Hi. LanguageTool is great! Thanks to everyone who works on it.
I’m wondering if it’s possible for LanguageTool to tell me all the infected forms of a word? Alternatively, can it tell me the root of a word or if a word is an infected form of some base word?
For example, in Spanish, can LanguageTool tell me all the conjugated forms of the very “ir”? Or, that “voy” is an inflected form of the verb “ir”?
The same question goes for English, can I know the inflected forms of the verb “to look”? Or that foxes is an inflected form of the noun “fox”?

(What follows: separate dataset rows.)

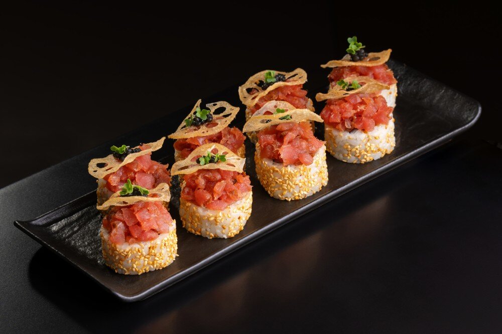 Водоросли нори, японский рис для суши, сыр творожный сливочный , огурец , тунец еллоуфин ,томаты конфи , соус спайси , соус от шефа ,кунжут ким чи, криспи корень лотоса .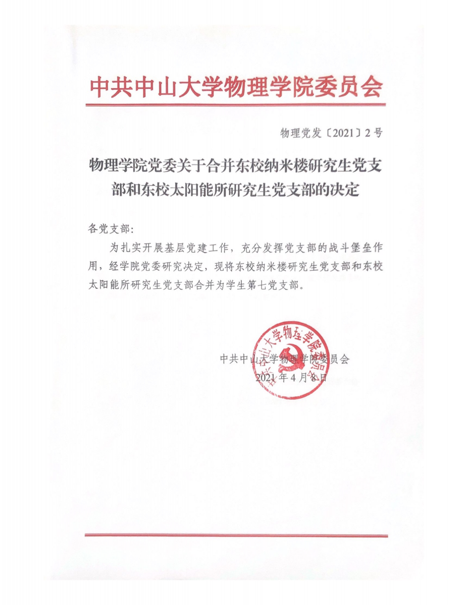 » 物理学院党委关于合并东校纳米楼研究生党支部和东校太阳能所研究生党支部的决定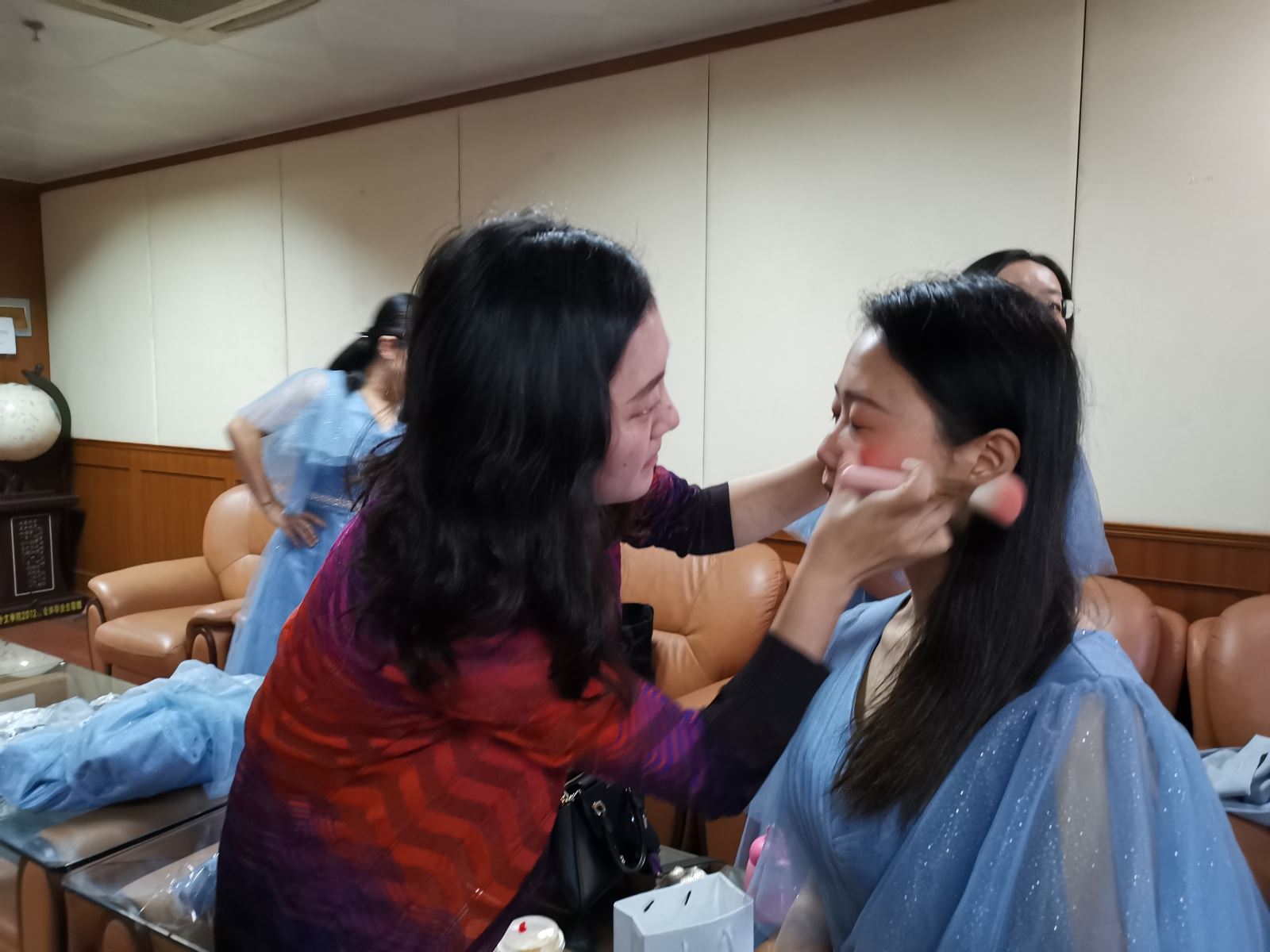 学院党委高度重视合唱和排练工作,党委书记罗英华老师带头参加排练,院长高永伟老师到排练现场慰问大家;党委副书记、工会主席曾建彬老师积极参加排练,并和工会副主席刘亦春、白冰老师一起做好合唱的组织工作;分团委书记贾怡锐和学工办王亚鹏老师、茅盾老师,辅导员班乐君、包妍佳等一起,尽心尽力做好后勤保障服务工作;指导老师兼指挥章方思琪经验丰富、耐心十足,从识谱、发声到每句每段、每个人每个声部,一一教学面面兼顾,带领外院师生在短时间内取得了迅速的进步,并和大家一起献上完美的演出。学院工会、分团委学生会还为参加合唱排练的师生们准备了小蛋糕、咖啡、奶茶等暖心又暖胃的慰问品。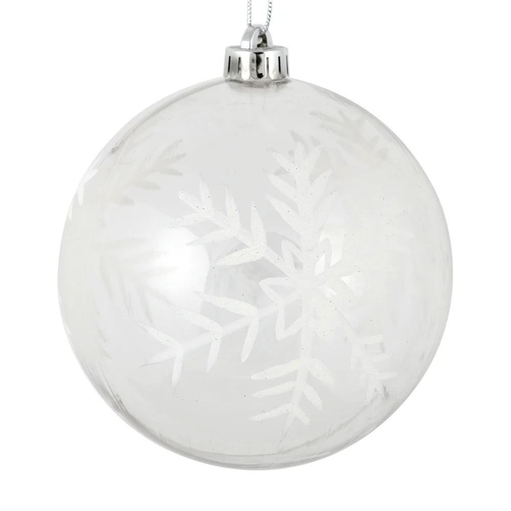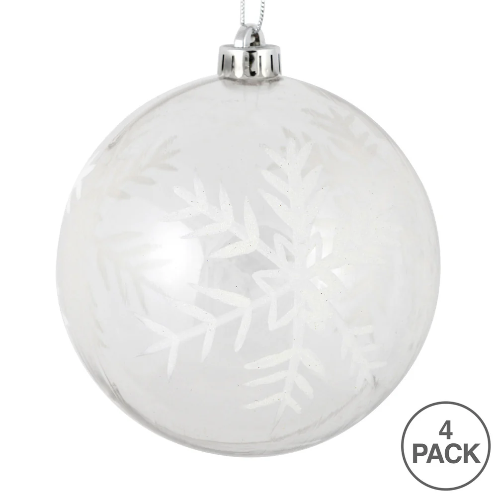 Vickerman 4" Clear Ball White Glitter Snowflake Ornament 4 per Box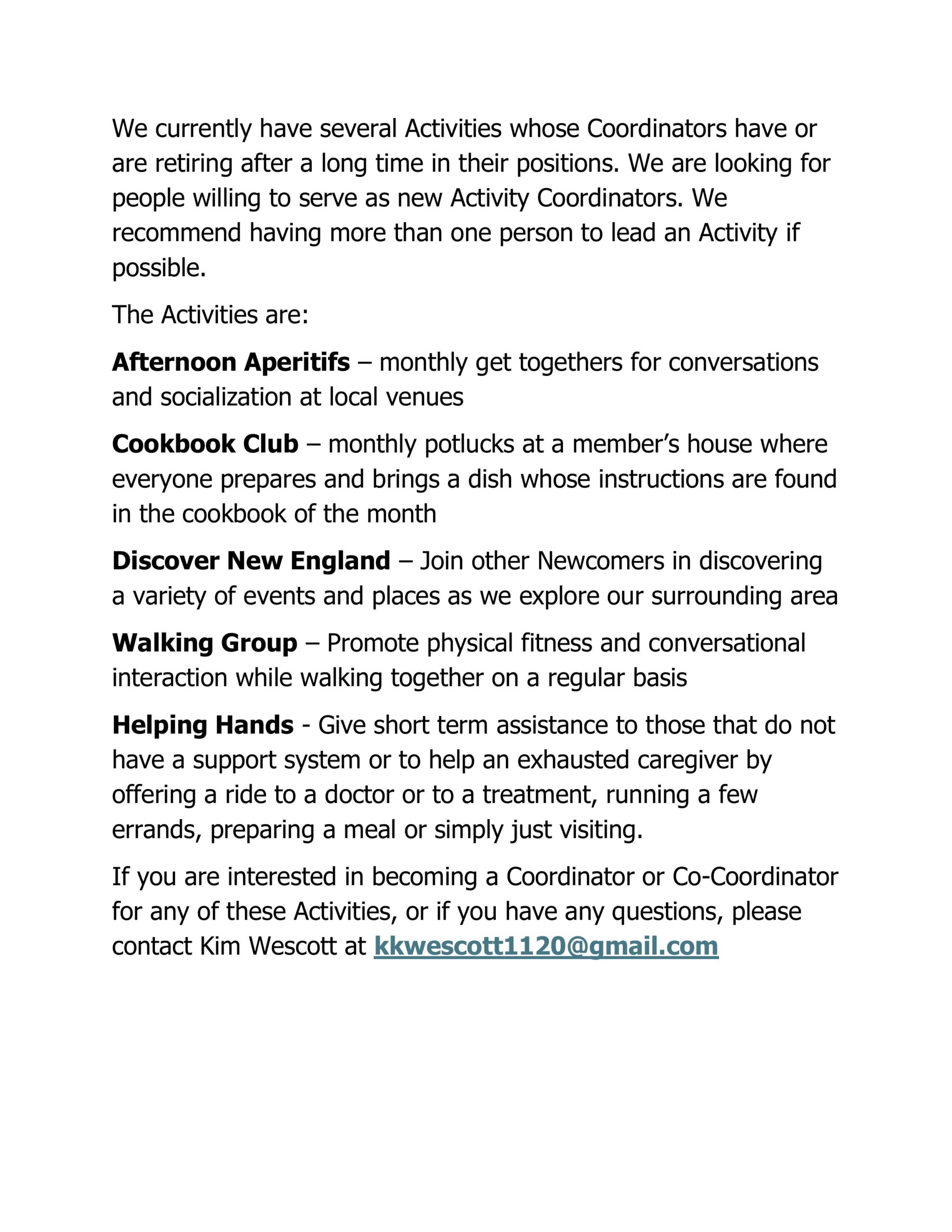 Simsbury Newcomers & Neighbors is a non-profit organization located in Simsbury, Connecticut. Our mission centers on community. We bring newcomers and neighbors together to meet, to develop friendships and to socialize.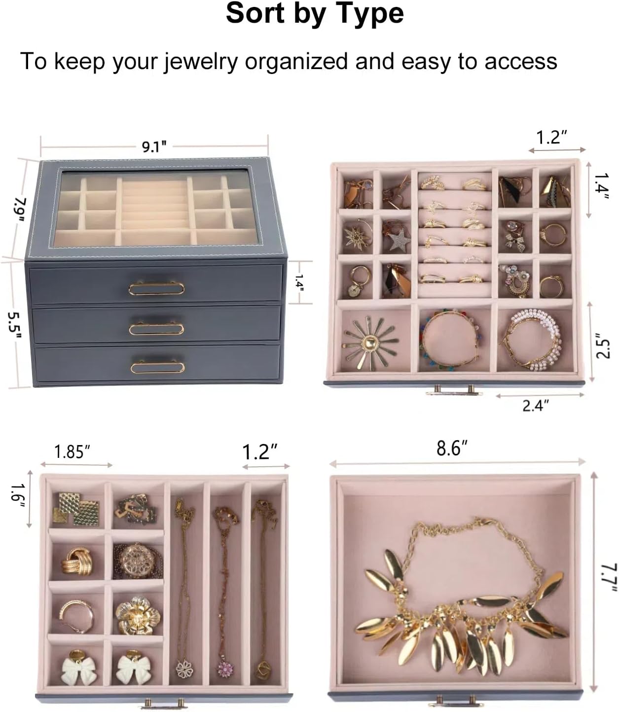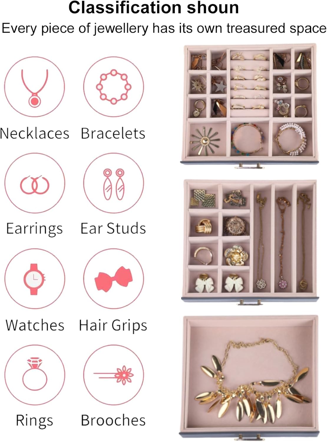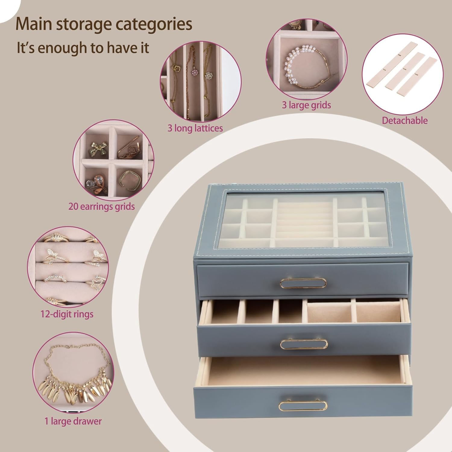"Three-Tiered Precision Organization:Effortlessly categorize your collection with a thoughtfully designed 3-layer system Top Layer: 12 ring slots + 6 stud earring holes keep delicate pieces secure and visible Middle Layer: 8 necklace hooks + 2 bracelet bars prevent chains from and protect metal from scratches Bottom Layer: Spacious compartment with 2 removable dividers for watches, bangles, or travel jewelry cases Every tier works together to eliminate clutter no more rummaging for that matching earring"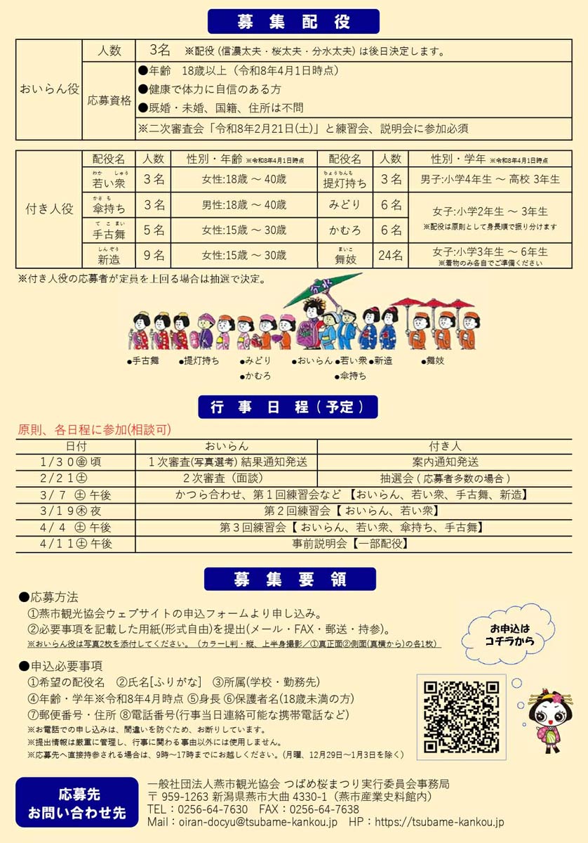 新潟県燕市の燕市観光協会では、2026年4月12日(日)に開催される「第81回分水おいらん道中」のおいらん役をはじめとする出演者を募集している。応募締め切りは26年1月18日(日)。

LT does both internally, at least for a lot of languages, including Spanish and English. But there’s no way in the user interface to easily access that information. If you need the data, you can export it to text files as described at Developing a tagger dictionary - LanguageTool Wiki
If you use the comand line, using the -v option (verbose option),
then LanguageTool tells you the POS tags and lemma of each token,
as well as what disambiguator rules kick in. Example:
$ echo "The foxes" | java -jar languagetool-standalone/target/LanguageTool-2.7-SNAPSHOT/LanguageTool-2.7-SNAPSHOT/languagetool-commandline.jar -c utf-8 -l en-US -v
Expected text language: English (US)
Working on STDIN...
1108 rules activated for language English (US)
<S> The[the/DT,B-NP-plural] foxes[fox/NNS,fox/VBZ,</S>,E-NP-plural]<P/>
Disambiguator log:
Time: 2338ms for 1 sentences (0.4 sentences/sec)
Dominique, sorry for the late reply. What you wrote was helpful, but I really wanted to do it through Java code so it seems I can with something like this…
JLanguageTool testTool = new JLanguageTool(language);
try
{
AnalyzedSentence sentence = testTool.getAnalyzedSentence(“The dog went running through the park.”);
AnalyzedTokenReadings[] tokens = sentence.getTokensWithoutWhitespace();
for (AnalyzedTokenReadings token : tokens)
{
List aTokenList = token.getReadings();
SENT_START :
DT : the
NN : dog
VBD : go
JJ : running
NN:U : running
VBG : run
IN : through
JJ : through
RP : through
DT : the
NN : park
. : .
SENT_END : .
This works for me somewhat, but want I really want is to get all inflected forms for some token.
Thanks! I can certainly use Synthesizers for some things. It would be nice if I could get the POS tag for each of the inflected forms returned by synthesize(). Is there any way to do that? Also, why do some languages (e.g. Portuguese) not have a Synthesizer available?
There’s no direct way, but instead of getting all tags at once with “.*” you can get the tags one by one. All known tags for English are in this file: ./languagetool-language-modules/en/target/classes/org/languagetool/resource/en/english_tags.txt (similar for other languages).
Some languages have no synthesizer because their maintainers (if there is a maintainer) haven’t added one yet.